MEMBACA “Jejak Sang Beruang Gunung” karya Ganezh adalah
membaca petualangan. Kita seolah dikenalkan pada sosok Norman Edwin dan diajak
mengikuti perjalanan hidupnya.
Norman Edwin (1955-1992) dikenal sebagai pecinta alam dan
juga seorang wartawan. Laki-laki kelahiran Palembang, 19 Januari 1955 ini
adalah eks mahasiswa Jurusan Arkeologi, Fakultas Sastra Universitas Indonesia.
Di kampus ini pula ia menjadi anggota Mapala UI yang hingga kini terkenal
sebagai kelompok mahasiswa pecinta alam yang tangguh.
Lewat buku yang diterbitkan pada 2006 ini, Ganezh
menceritakan kehidupan seorang Norman Edwin, mulai dari masa kecilnya hingga
ketika ia ditemukan tewas di Aconcagua, gunung dengan puncak tertinggi di
Amerika Selatan.
Norman Edwin mengenal dan mencintai alam sejak masih sangat
muda. Bakat menulisnya pun juga sudah tampak saat masih kecil. Di kemudian
hari, ia benar-benar menjadi petualang sejati sekaligus wartawan yang tangguh. Norman
pernah bekerja untuk tabloid Mutiara dan menulis untuk beberapa koran.
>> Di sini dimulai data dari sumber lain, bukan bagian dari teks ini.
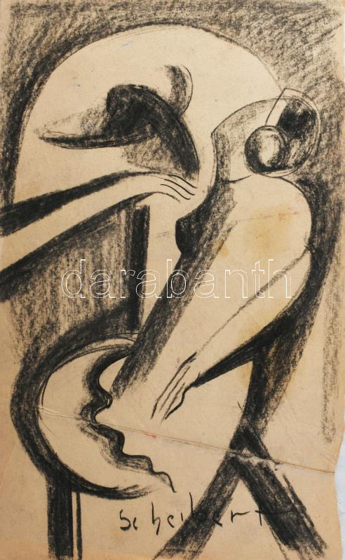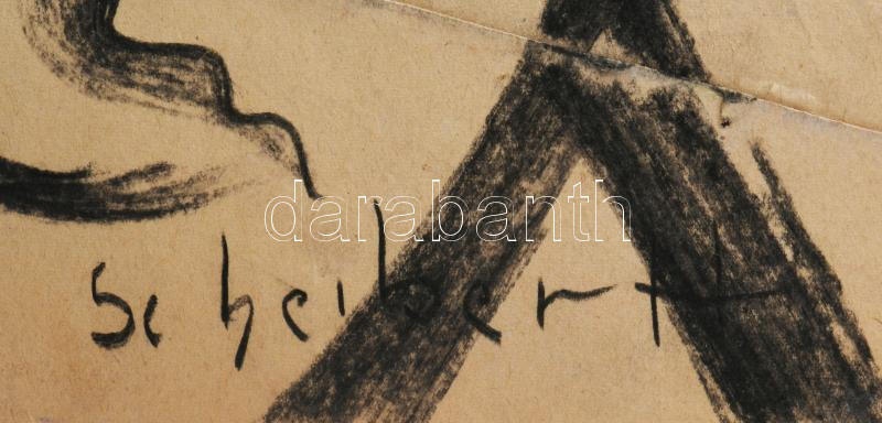 Scheiber jelzéssel: Kalapos alak. Szén, papír, gyűrődéssel, 39×24 cm

Kedua perpaduan itulah yang menjadikan Norman mampu membagi
petualangannya lewat tulisan dan dokumentasi. Lewat itu pula, Norman secara
tidak langsung mengajak generasi muda untuk mencintai alam dan menjajal
kegiatan di alam liar.
Ketangguhan Norman tak diragukan lagi. Berbagai gunung
dengan medan yang bervariasi telah ia daki. Sungai-sungai dengan jeram telah ia
susuri. Meski berkali-kali berhadapan dengan maut, ia seolah tak ingin takluk.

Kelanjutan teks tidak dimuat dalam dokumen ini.